To evaluate how vulnerable YOLOv3 and YOLOv3-Tiny are against adversarial patch attacks, we applied diverse patches onto the stop sign. We created different stop signs with rectangular patches using white, red and black colors. Based on the variety of attacks, patches covering up most of the letters tend to deceive the OD models. However, more than covering the letters is needed to trick the models fully. When the stop sign is perfectly flat in the image, covering up the letters was not able to trick YOLOv3, but it was able to trick YOLOv3-Tiny (4b); when attacks are applied to stop signs that were at an angle, that is when the OD models struggle to detect the stop sign.

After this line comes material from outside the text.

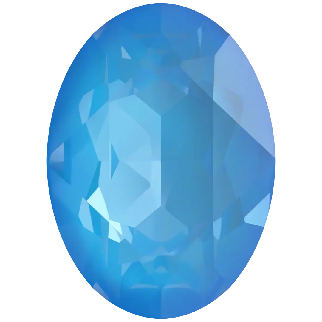 Swarovski fancy stones Oval (4120) in Crystal Electric Blue Ignite UNFOILED are multi faceted pointed back crystals that have no thread hole and can be applied to fabric or to create jewellery designs using metal settings or in pre-made cavities. Swarovski Oval shaped crystals are an elongated elliptical shape with rounded ends. They have a multi-faceted surface that creates a multi-faceted effect, which gives them a sparkling and radiant appearance.

In (1c) and (4c), the letters “STOP” are clearly visible but neither model could detect the stop sign. In (3c), YOLOv3 detected the stop sign as a traffic light (89%). I assume it misidentified the stop sign as a 4-color traffic light. It is interesting that YOLOv3 detected two stop signs in (3b). The larger box was 97%, and the smaller box was 50%. Two signs were detected in (3b) with two lines, but in (6b) with three lines only one stop sign was detected.

Defense

A potential defense against these shape attacks is applying another layer of object recognition and color detection. Our target is a stop sign with an octagon shape and red with white text. The attacks applied consisted of blocking out the white text on the stop sign; if the background is masked out, the shape of the sign can easily be recognized. Another layer is to add color recognition to the object recognition. If the masked shape has a grouping of red pixels, a red-shaped octagon is highly likely to be a stop sign. With this approach, the text of the stop sign is not considered.

Conclusion

We compared two object detection models, YOLOv3 and YOLOv3-Tiny, against stop signs. Comparing a set of attacks on the two models shows what attacks work best. The attacks we used consisted of obscuring the letters on the stop sign with lines, pluses, and crosses across the stop sign and applying the same attacks to stop signs taken at two different angles. We found that obscuring the letters with stripes with an angled stop sign was the best type of attack in our test cases. When the attacks were applied to a stop sign normal to the image, YOLOv3 was able to detect the sign through all of the attacks.